Five Drills to Improve Your Feel for the Water and Body Balance
Try putting yourself in different situations to develop these two key areas of swimming
There’s one thing that no coach can teach but is talked about all the time: a swimmer’s feel for the water. It’s the same thing as a baseball pitcher’s “stuff” or a dancer’s grace. You know it when we see it, but it’s almost impossible to explain and even harder to teach.
Think about the sense of feel for a second. You know what your favorite pillow feels like, but now think about what words you would use to describe that to someone who has never seen that pillow before. You’re probably thinking about words such as soft, smooth, warm, squishy, comfortable, cotton, silk, etc. All great words but how does any combination of those words let that person know what you’re specifically talking about?
Feel cannot be described, and it cannot be coached through words. The closest thing a coach can do is to put a swimmer in different situations to try and experience it firsthand. It may take multiple attempts to get this (and not everyone will develop a good feel), but when it clicks the change is immediate and powerful.
Here are five drills you can do to train your body to better feel the water. Most of them will feel extremely awkward, which is exactly the point.
With feel comes another important element of swimming fast: balance. You want your right side moving in the exact same manner as your left (as long as the technique is correct). Experienced swimmers can feel when they’re not balanced in the water.
Alternate Breathing Patterns
This drill is especially effective if you only breathe to one side on freestyle.

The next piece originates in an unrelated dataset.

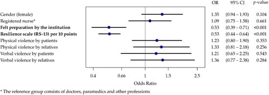 Furthermore, where employees felt well prepared by their workplace for potential attacks, this was negatively associated with burnout risk and high perceived stress. In a study on violent attacks against healthcare workers from 2019, preparation by the workplace for potential attacks was also shown to be a significant protective factor against high perceived stress [1]. High resilience is also in negative correlation to burnout in our study, thus supporting the results of various studies [23,33] that showed that lower or moderate resilience was associated with higher burnout values.
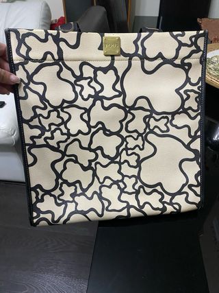 Bolso de la marca Tous con un diseño elegante. NO HAGO ENVÍO - Combinación de colores blanco y negro. - Acabado texturizado con motivos. - Asas negras.

Do a few 25s freestyle breathing to your nondominant side. If you breathe every three strokes, try every two or four. Mix it up, and see where the imbalance lies.
You can also do a false breath—roll to your nondominant side as if you were about to take a breath, but do not take your face out of the water for air. You’ll gain the benefit of a more balanced body roll without throwing off your rhythm or tempo.
OK Drill
Make an “OK” sign with your thumb and pointer finger around a plastic golf ball with holes (golf training ball). When you initiate your pull with your other three fingers, be certain that they’re pointing toward the bottom of the pool. Start with the ball in your nondominant hand and then switch after a few 25s. Focus on how the water feels on those three fingers. If you’re pulling correctly, you should feel a connectivity from your fingers to the tendons in your forearms to the muscles around your shoulder blades.
One Fin and One Paddle
You can do this drill at a faster pace to mimic conditions you’d feel on race day.

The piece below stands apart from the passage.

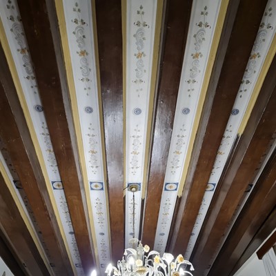 Nel caso di decorazioni più particolareggiate e complesse, ha applicato negli spazi tra le travi dei pannelli su misura precedentemente realizzati nel suo studio.
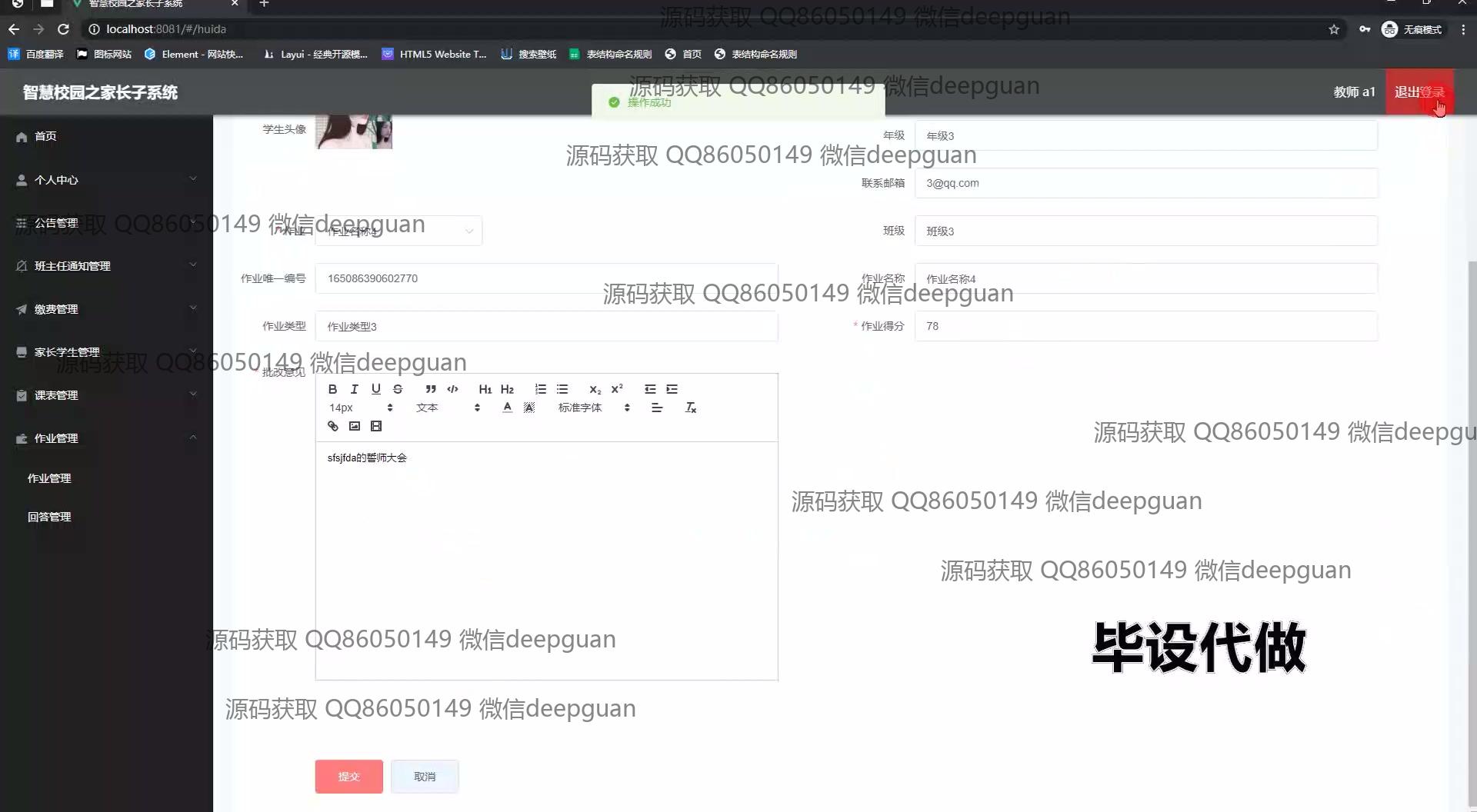 教师:可通过系统管理和分发教学任务、查看和录入学生成绩、以及通知管理来支持教学活动。教师也参与作业管理,制定作业类型和管理学生提交的作业。评分和作业反馈等功能实现教师与家长间的交流互动。

Start with one paddle and both fins. When you improve your ability to feel the water, take off the fin that’s on the same side of your body that you have a paddle on (swim with a left paddle and right fin or right paddle and left fin). The propulsion from the downward phase of the kick with your finned foot (especially if it’s your dominant leg) will help you gain awareness of how your hand is entering with the paddle on your nondominant side. Alternate which hand you have a paddle on and perform this drill again.

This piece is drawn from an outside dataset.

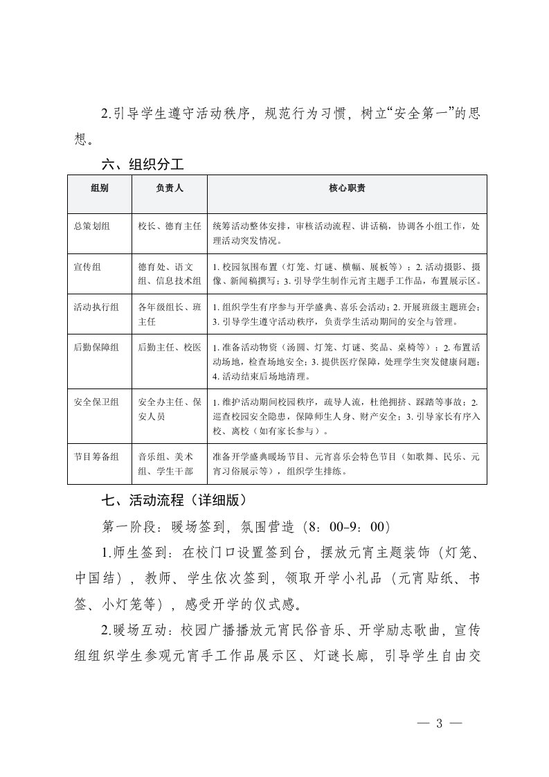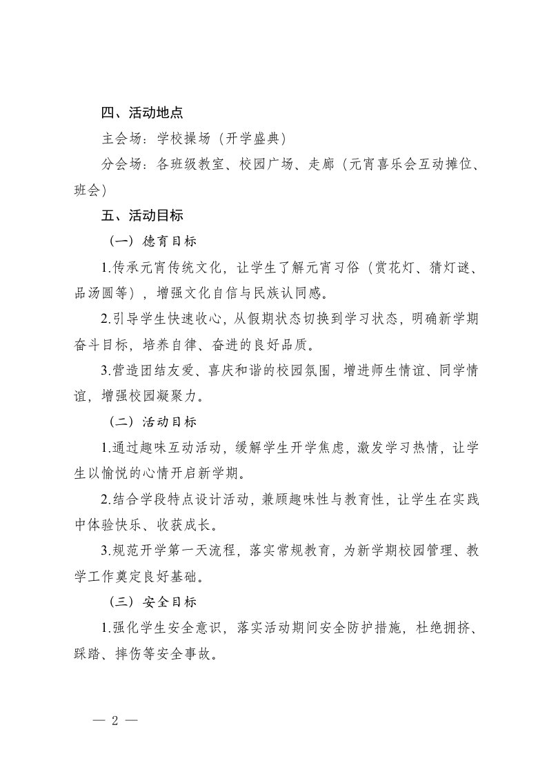 标题:中小学2026年春季学期开学第一天暨元宵喜乐会活动方案

Opposite-Foot Track Starts
With permission and supervision from a coach or lifeguard, step up on the blocks to work on your starts, but switch the position of your feet. If you normally have your left foot forward and your right foot back, switch them and try the start in this reverse manner. (Be careful not to lose your balance.) You’ll feel the difference immediately. Everything from going down to grab the block to the legs pushing off the block to how you enter the water and get into streamlined position will feel drastically different. We often think in terms of being right- or left-handed, but we for sure have right- or left-leg dominance as well. Be aware of this not only on the block but when pushing off the walls for turns and in kicking.
Swimming with Drag Shorts
Find an old pair of nylon soccer shorts and put them on for a few 50s after warm-up. The shorts will get you to feel drag in a much more pronounced manner. We wear tech suits to reduce how much drag we experience when racing, but feeling drag can be a very effective training tool in practice.
Final Thought
When doing these drills, try to feel the imbalance in your body, make mental notes, and do your best to correct. Whenever possible, have someone film you. This will always make analysis much easier. If a picture says a thousand words, then a video says much more.